Task objective
Through the line with "麻阳苗族XX县2023年政府" and starting from the first line, return the records below word for word, with pictures left out.

Input data
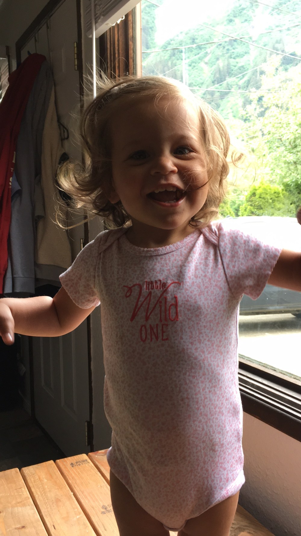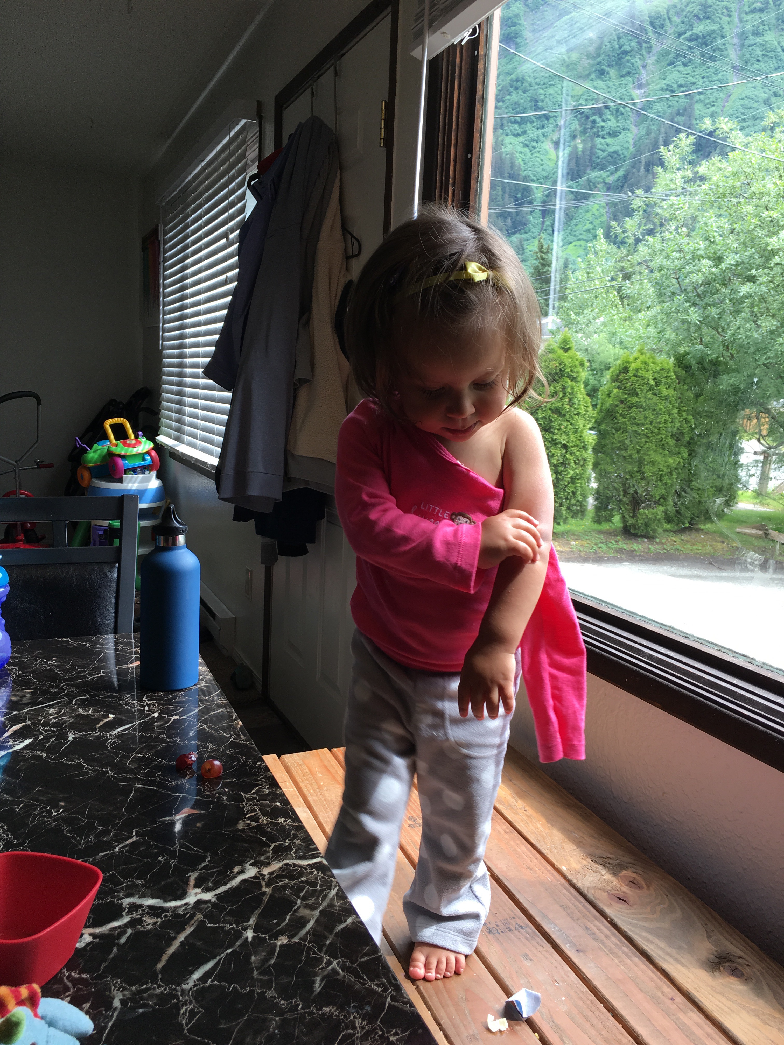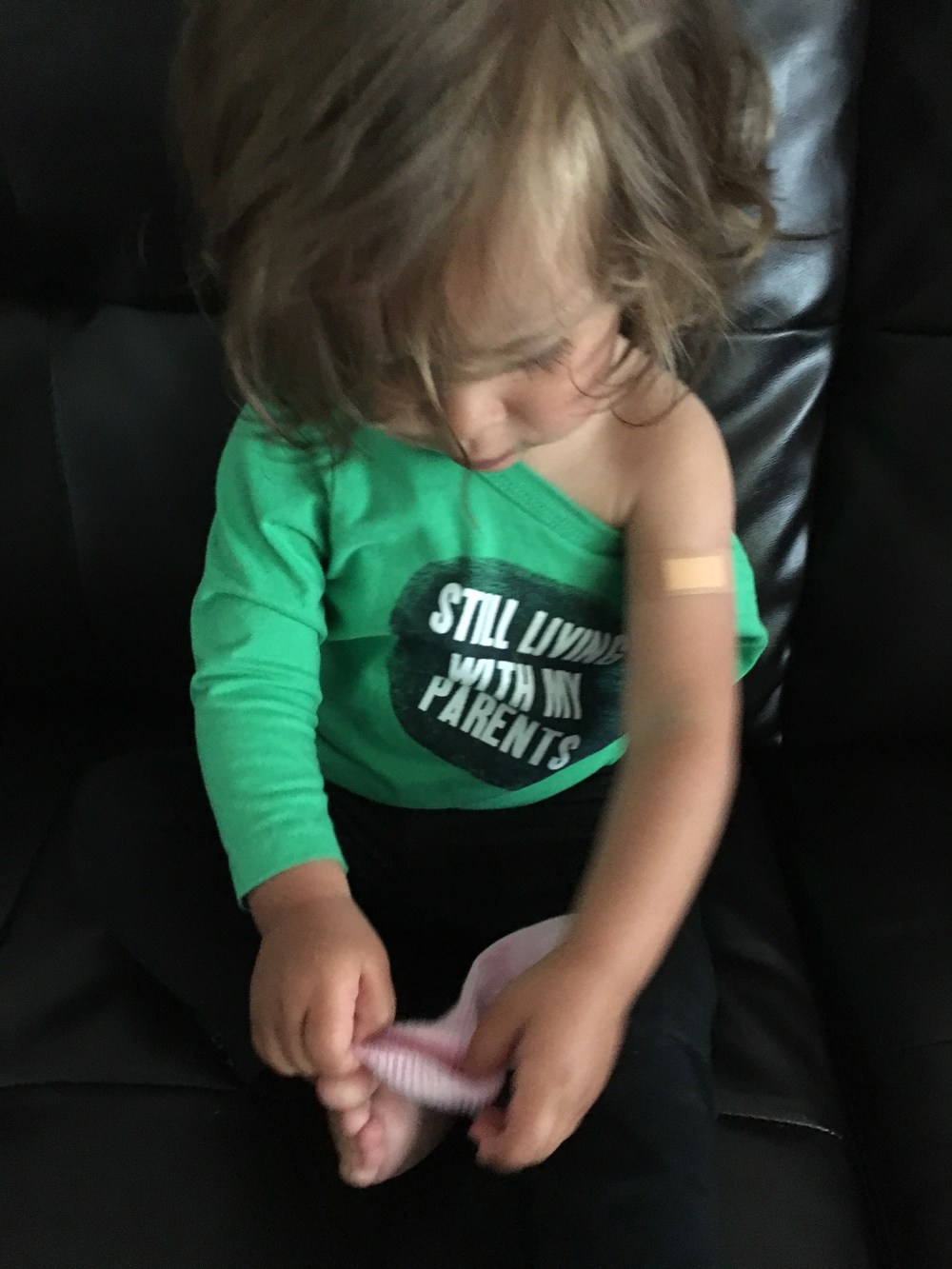 Every chance she got she would take her arm our of her shirt. I don’t understand this desire to wear her shirts wrong but it is quite hilarious. Also she has discovered how cool bandaids are. I have one on my knee and she is fascinated with it. She always wants to touch it and so I finally gave her one of her own that she could poke at. She kept asking for more and eventually peeled it off and was sticking it all over herself.
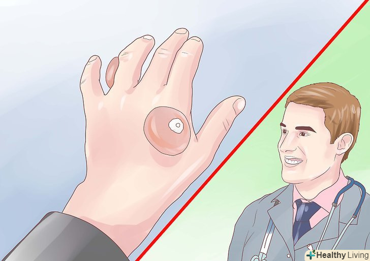 Ідіть до лікаря, якщо шкіра обпалена більше, ніж на 6 см. якщо ваш опік більше 6 см в діаметрі, то це дуже серйозно, особливо якщо він супроводжується набряком, болем, і появою пухирів. [6]
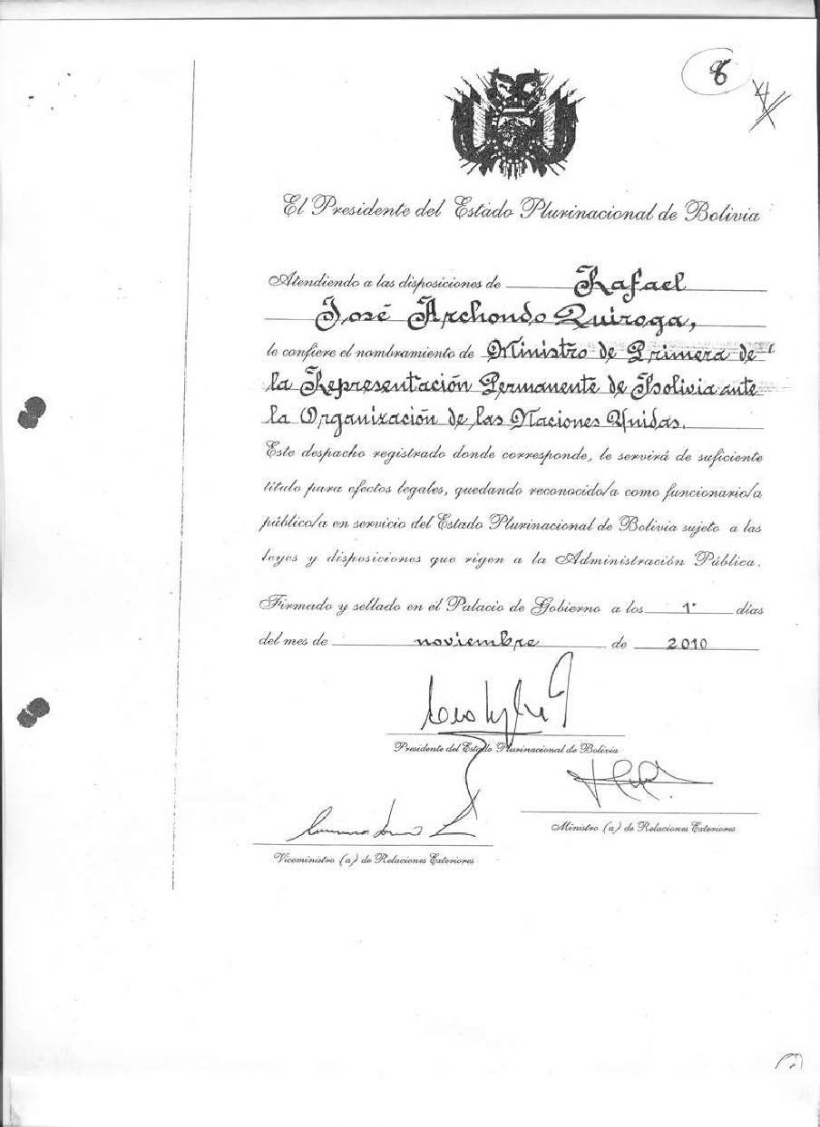 Rafael José Archondo Quiroga como Embajador Representante Permanente Alterno
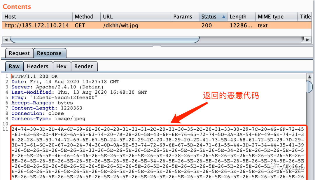 图25 抓包得到的服务器返回的恶意代码
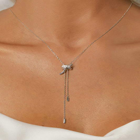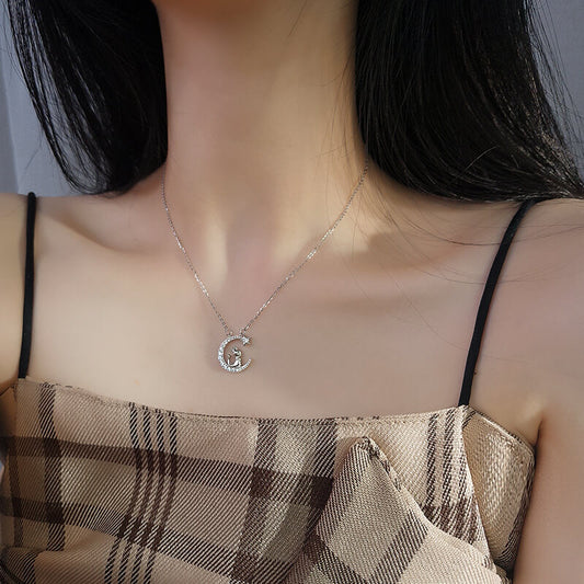 FEELIVE Double C Shape Pendant Flashing Zircon Silver Necklace
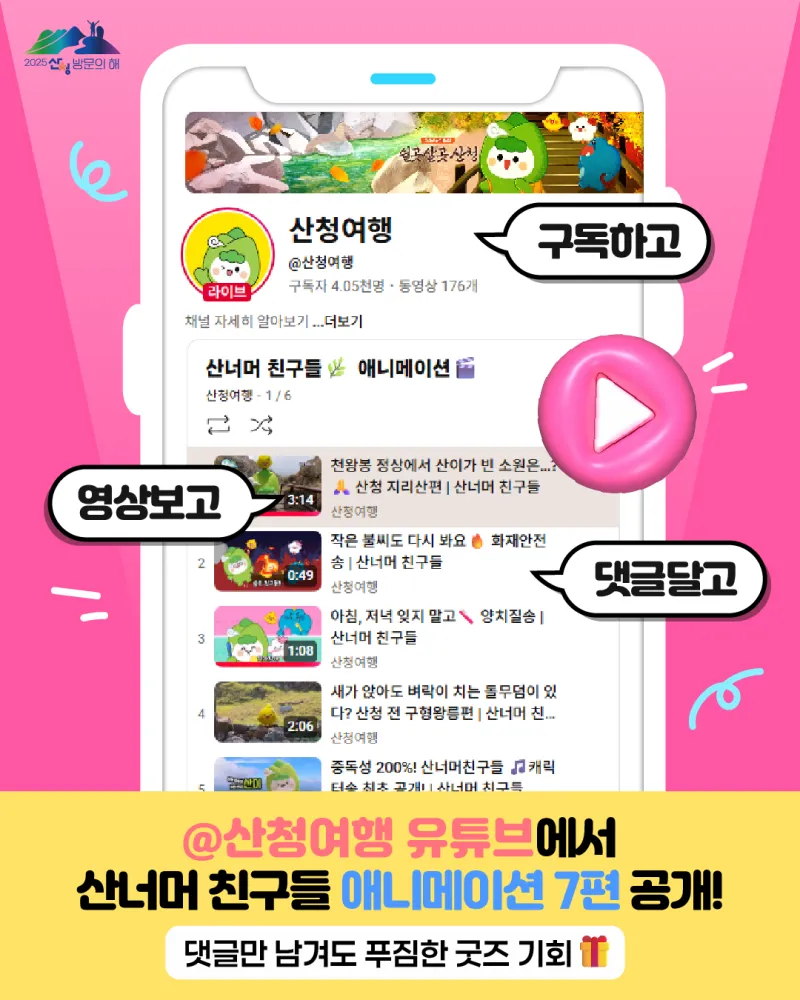 1️⃣ 유튜브 <@산청여행> 채널 구독
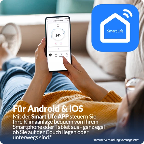 Dieses moderne Split-Klimagerät von HANTECH bietet eine effiziente Kühlung und Heizung für Räume bis zu 30 m². Dank der integrierten WLAN-Funktion lässt sich das Gerät bequem per App oder Sprachsteuerung bedienen.
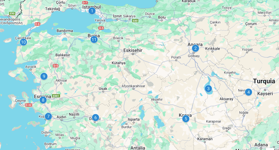 Aqui está o esquema do nosso circuito pela Turquia – (de 18 a 30 de abril)
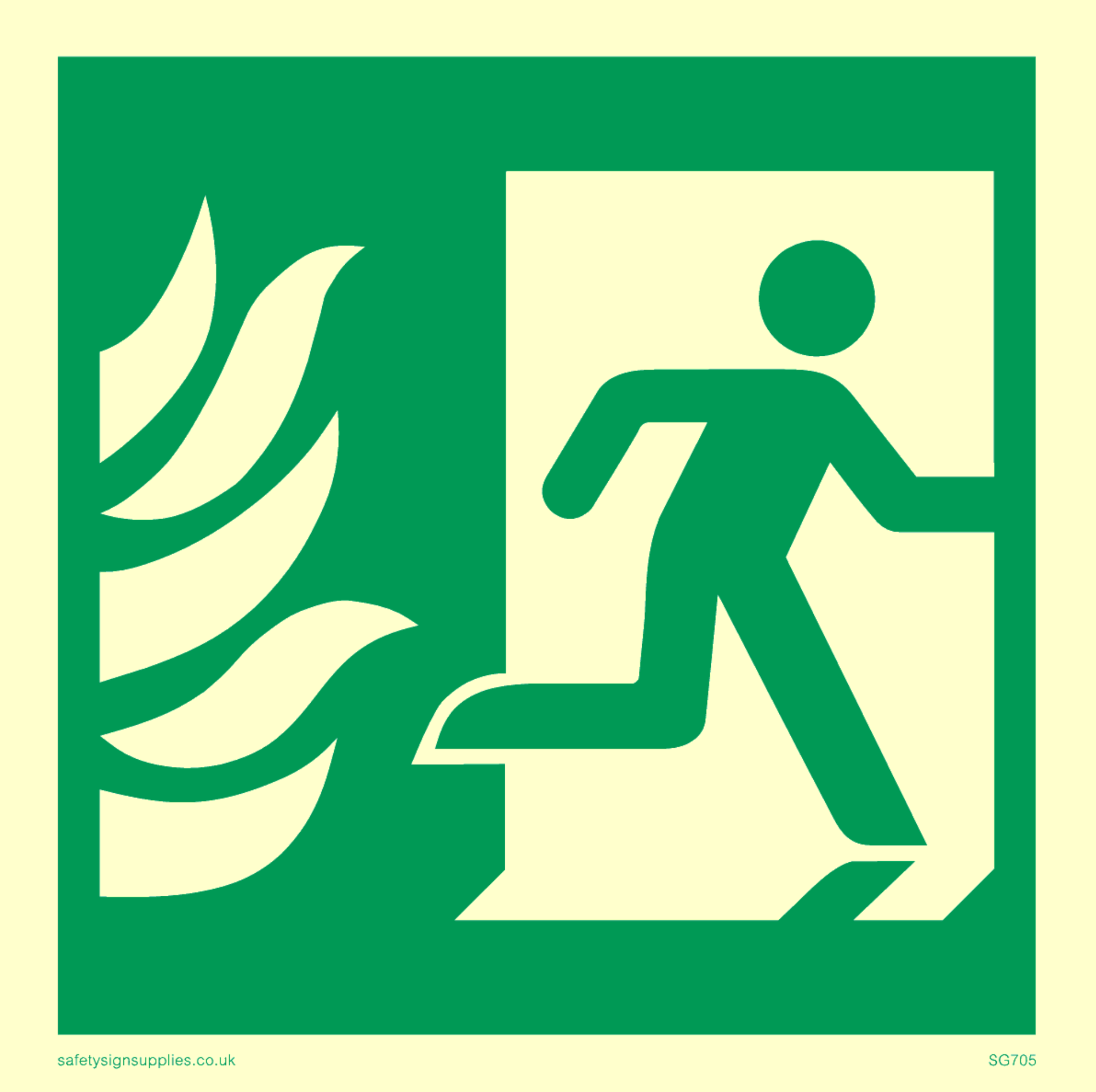 Symbol only signs have only a symbol and no text. Fire exit signs or Emergency exit signs indicate the direction of the exit in the event of a fire or emergency requiring evacuation of a building. NHS fire exit signs are designed to meet the HTM65 Signs guide 2 for NHS estates.
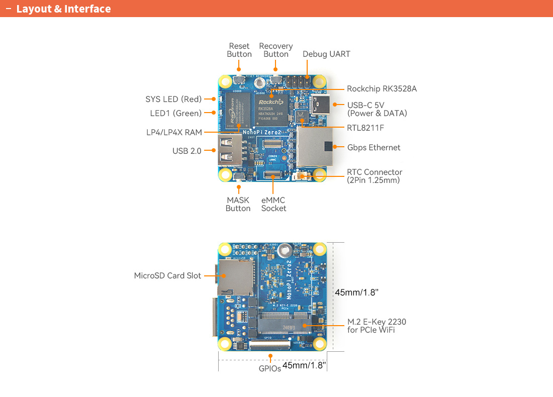NanoPi Zero2 Combo 1GB RAM GigE Computer w/ RK3528A Development Board & Wifi Module (without eMMC)
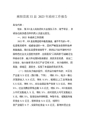 麻阳苗族XX县2023年政府工作报告各位代表:现在,我XX县人民政府向大会报告工作,请予审议,并请各位政协委员和列席人员提出意见。一、2022年政府工作回顾2022年,XX县发展进程中极具挑战、极不平凡的一年,也是惟其艰辛、砥砺奋进的一年。面对严峻复杂形势和各种风险挑战,我们在县委坚强领导下,坚持以习近平新时代中国特色社会主义思想为指导,全面落实“三高四新”①战略定位和使命任务,融入怀化国际陆港建设,抢抓历史机遇、奋起二次创业,做大做强“四大百亿产业”②和X区,全力稳增长、防风险、保稳定、惠民生,实现了本届政府良好开局。(一)综合实力稳步提升。经济运行稳中向好。X区生产总值X.X亿元(预计数,...
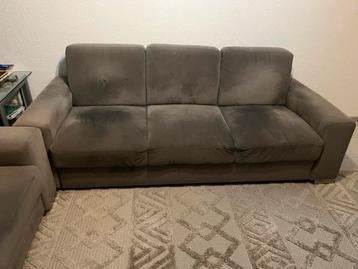 Mooie grijze zitbank. De bank is comfortabel en biedt plaats aan meerdere personen. Bestaande uit een 3-zitsbank en twee 1-zits fauteuils. De bank heeft metalen poten. Zitbank: stof bekleed op metalen

Completed task
 Every chance she got she would take her arm our of her shirt. I don’t understand this desire to wear her shirts wrong but it is quite hilarious. Also she has discovered how cool bandaids are. I have one on my knee and she is fascinated with it. She always wants to touch it and so I finally gave her one of her own that she could poke at. She kept asking for more and eventually peeled it off and was sticking it all over herself.
 Ідіть до лікаря, якщо шкіра обпалена більше, ніж на 6 см. якщо ваш опік більше 6 см в діаметрі, то це дуже серйозно, особливо якщо він супроводжується набряком, болем, і появою пухирів. [6]
 Rafael José Archondo Quiroga como Embajador Representante Permanente Alterno
 图25 抓包得到的服务器返回的恶意代码
 FEELIVE Double C Shape Pendant Flashing Zircon Silver Necklace
 1️⃣ 유튜브 <@산청여행> 채널 구독
 Dieses moderne Split-Klimagerät von HANTECH bietet eine effiziente Kühlung und Heizung für Räume bis zu 30 m². Dank der integrierten WLAN-Funktion lässt sich das Gerät bequem per App oder Sprachsteuerung bedienen.
 Aqui está o esquema do nosso circuito pela Turquia – (de 18 a 30 de abril)
 Symbol only signs have only a symbol and no text. Fire exit signs or Emergency exit signs indicate the direction of the exit in the event of a fire or emergency requiring evacuation of a building. NHS fire exit signs are designed to meet the HTM65 Signs guide 2 for NHS estates.
NanoPi Zero2 Combo 1GB RAM GigE Computer w/ RK3528A Development Board & Wifi Module (without eMMC)
 麻阳苗族XX县2023年政府工作报告各位代表:现在,我XX县人民政府向大会报告工作,请予审议,并请各位政协委员和列席人员提出意见。一、2022年政府工作回顾2022年,XX县发展进程中极具挑战、极不平凡的一年,也是惟其艰辛、砥砺奋进的一年。面对严峻复杂形势和各种风险挑战,我们在县委坚强领导下,坚持以习近平新时代中国特色社会主义思想为指导,全面落实“三高四新”①战略定位和使命任务,融入怀化国际陆港建设,抢抓历史机遇、奋起二次创业,做大做强“四大百亿产业”②和X区,全力稳增长、防风险、保稳定、惠民生,实现了本届政府良好开局。(一)综合实力稳步提升。经济运行稳中向好。X区生产总值X.X亿元(预计数,...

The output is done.